* Dataset excerpt:
-*-*-

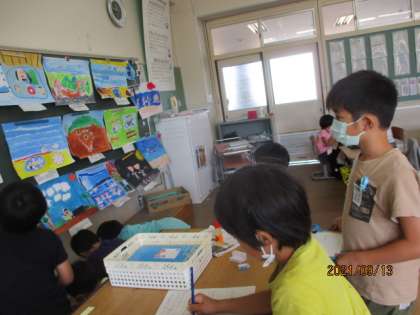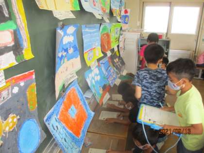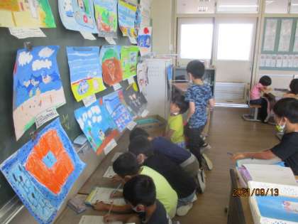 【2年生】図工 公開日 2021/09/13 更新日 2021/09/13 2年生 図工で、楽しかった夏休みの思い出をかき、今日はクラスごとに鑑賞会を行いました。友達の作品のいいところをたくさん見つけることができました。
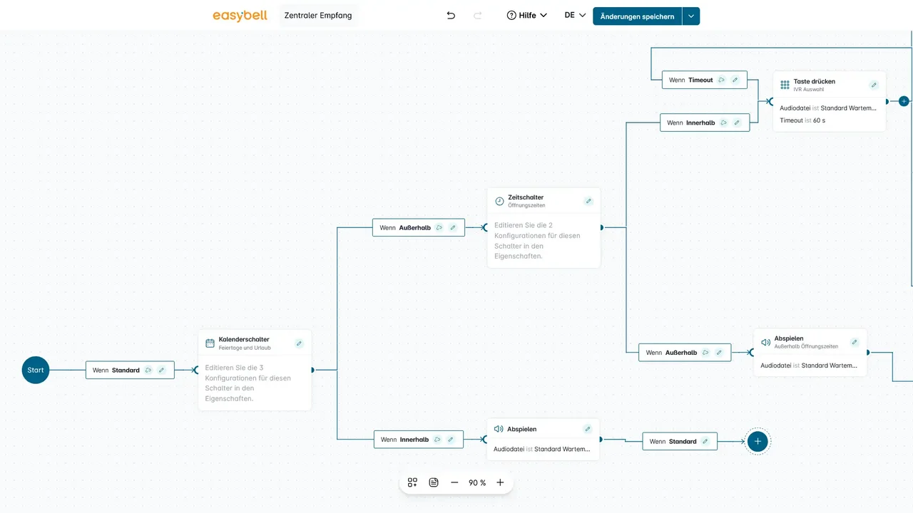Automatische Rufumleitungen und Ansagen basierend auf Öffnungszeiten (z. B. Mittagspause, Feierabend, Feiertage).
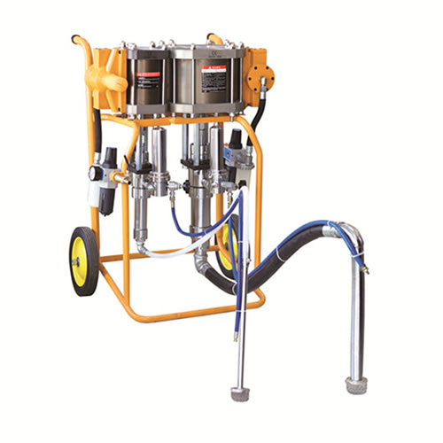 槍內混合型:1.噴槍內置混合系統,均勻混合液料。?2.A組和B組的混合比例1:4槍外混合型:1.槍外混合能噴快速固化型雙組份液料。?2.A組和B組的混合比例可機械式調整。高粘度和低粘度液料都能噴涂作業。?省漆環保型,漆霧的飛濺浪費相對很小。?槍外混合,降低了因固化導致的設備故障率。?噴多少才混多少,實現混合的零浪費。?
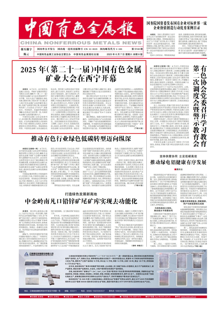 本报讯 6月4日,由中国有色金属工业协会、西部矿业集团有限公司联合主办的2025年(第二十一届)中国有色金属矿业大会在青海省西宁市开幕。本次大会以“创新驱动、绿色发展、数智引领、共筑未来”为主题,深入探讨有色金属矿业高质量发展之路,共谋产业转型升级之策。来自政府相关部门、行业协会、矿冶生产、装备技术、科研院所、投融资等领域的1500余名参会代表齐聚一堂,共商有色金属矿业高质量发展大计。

-*-*-

* Task statement: Reproduce the listing word for word and omit its pictures.

* Task result:
 【2年生】図工 公開日 2021/09/13 更新日 2021/09/13 2年生 図工で、楽しかった夏休みの思い出をかき、今日はクラスごとに鑑賞会を行いました。友達の作品のいいところをたくさん見つけることができました。
Automatische Rufumleitungen und Ansagen basierend auf Öffnungszeiten (z. B. Mittagspause, Feierabend, Feiertage).
 槍內混合型:1.噴槍內置混合系統,均勻混合液料。?2.A組和B組的混合比例1:4槍外混合型:1.槍外混合能噴快速固化型雙組份液料。?2.A組和B組的混合比例可機械式調整。高粘度和低粘度液料都能噴涂作業。?省漆環保型,漆霧的飛濺浪費相對很小。?槍外混合,降低了因固化導致的設備故障率。?噴多少才混多少,實現混合的零浪費。?
 本报讯 6月4日,由中国有色金属工业协会、西部矿业集团有限公司联合主办的2025年(第二十一届)中国有色金属矿业大会在青海省西宁市开幕。本次大会以“创新驱动、绿色发展、数智引领、共筑未来”为主题,深入探讨有色金属矿业高质量发展之路,共谋产业转型升级之策。来自政府相关部门、行业协会、矿冶生产、装备技术、科研院所、投融资等领域的1500余名参会代表齐聚一堂,共商有色金属矿业高质量发展大计。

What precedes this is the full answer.